NuScale Power Shares Jump 6.3% on Trump Licensing Push, BofA Upgrade
NuScale Power stock rose 6.3% as President Trump’s Davos speech and new executive orders fast-tracking SMR licensing ignited sector enthusiasm. A Bank of America upgrade for rival Oklo—backed by Meta’s prepaid power contract—and Japan’s restart of the Kashiwazaki-Kariwa No.6 reactor provided concrete evidence of advanced nuclear momentum.
1. Project Pipeline and Development Timeline
NuScale Power’s small modular reactor (SMR) unit maintains a long‐dated project pipeline, with seven reactor modules under contract in the U.K. and Poland representing a combined capacity of 462 MW. While the design received U.S. Nuclear Regulatory Commission certification in 2024—the first SMR to do so—commercial operations are not expected until 2028 for the first four‐module site in Idaho. Subsequent projects, including a six‐module plant in Poland slated for 2030, hinge on final government funding approvals and consortium financing agreements that remain under negotiation.
2. Cash Position and Funding Requirements
As of Q3 2025, NuScale reported cash and equivalents of $210 million, supporting R&D and licensing through mid‐2026. However, estimated capital expenditures of $350 million for final construction engineering and site preparation signal potential dilution risks if additional equity raises are required. Management anticipates securing a $500 million project finance facility by year‐end to underwrite initial module fabrication, with debt service commencing in 2029 once commercial operations begin.
3. Revenue Visibility and Contract Backlog
NuScale’s firm contract backlog stood at $1.2 billion as of December 2025, driven by multi‐year agreements with U.S. federal agencies and European utilities. Revenue recognition for engineering, procurement and construction (EPC) services is scheduled to start in late 2027, with full module delivery payments back‐loaded to 2032. While these contracts underpin long‐term revenue visibility, they expose the company to performance guarantee penalties of up to 10% of contract value if milestone deadlines slip.
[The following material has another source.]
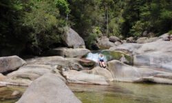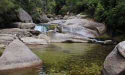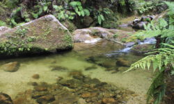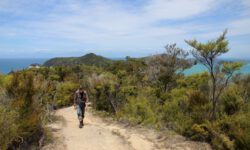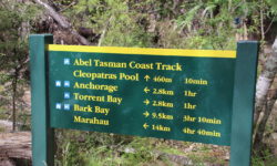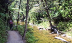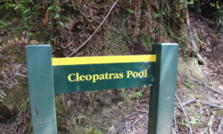 Der Wanderweg geht auf und ab durch den Wald und es gibt auch einige zusätzliche Abzweige zu Stränden, Wasserfällen oder Cleopatras Pool. Cleopatras Pool wollen wir uns nicht entgehen lassen. Das Wasser da soll sehr klar und sauber sein. Auf dem Weg dahin treffen wir zwei Frauen, die sogar drin gebadet haben. Gute Idee, das möchte ich auch ausprobieren. Das Wasser ist ordentlich kalt, aber tatsächlich sehr klar. Ich schwimme erst einmal rüber zu einem Wasserfall. Dann sehe ich im Wasser einen riesigen Aal und hoffe, dass er mir auf dem Rückweg durchs Wasser nicht um die Beine scharwenzelt. Glück gehabt, ich sehe ihn nicht wieder.
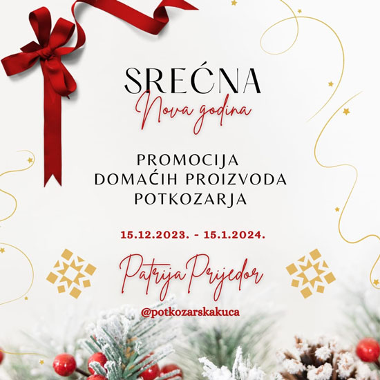 Obavještavamo sve ljubitelje proizvoda “Potkozarska kuća” da će ista u periodu od 15.12.2023. do 15.01.2024.godine imati promotivni prostor na lokaciji tržnog centra “Patrija”u centru Prijedora.

4. Risk Profile and Investor Considerations
Investors face a binary outcome: successful first‐of‐a‐kind deployment could validate NuScale’s scalable SMR model and unlock follow-on projects worth an estimated $8 billion over the next decade, whereas further delays or cost overruns could deplete cash reserves and trigger down rounds. Analysts project the firm to reach break-even by 2030, assuming steady module order flow and no material escalation in component costs. Given the high execution leverage, SMR stock should be considered a high-beta play on advanced nuclear commercialization rather than a stable income generator.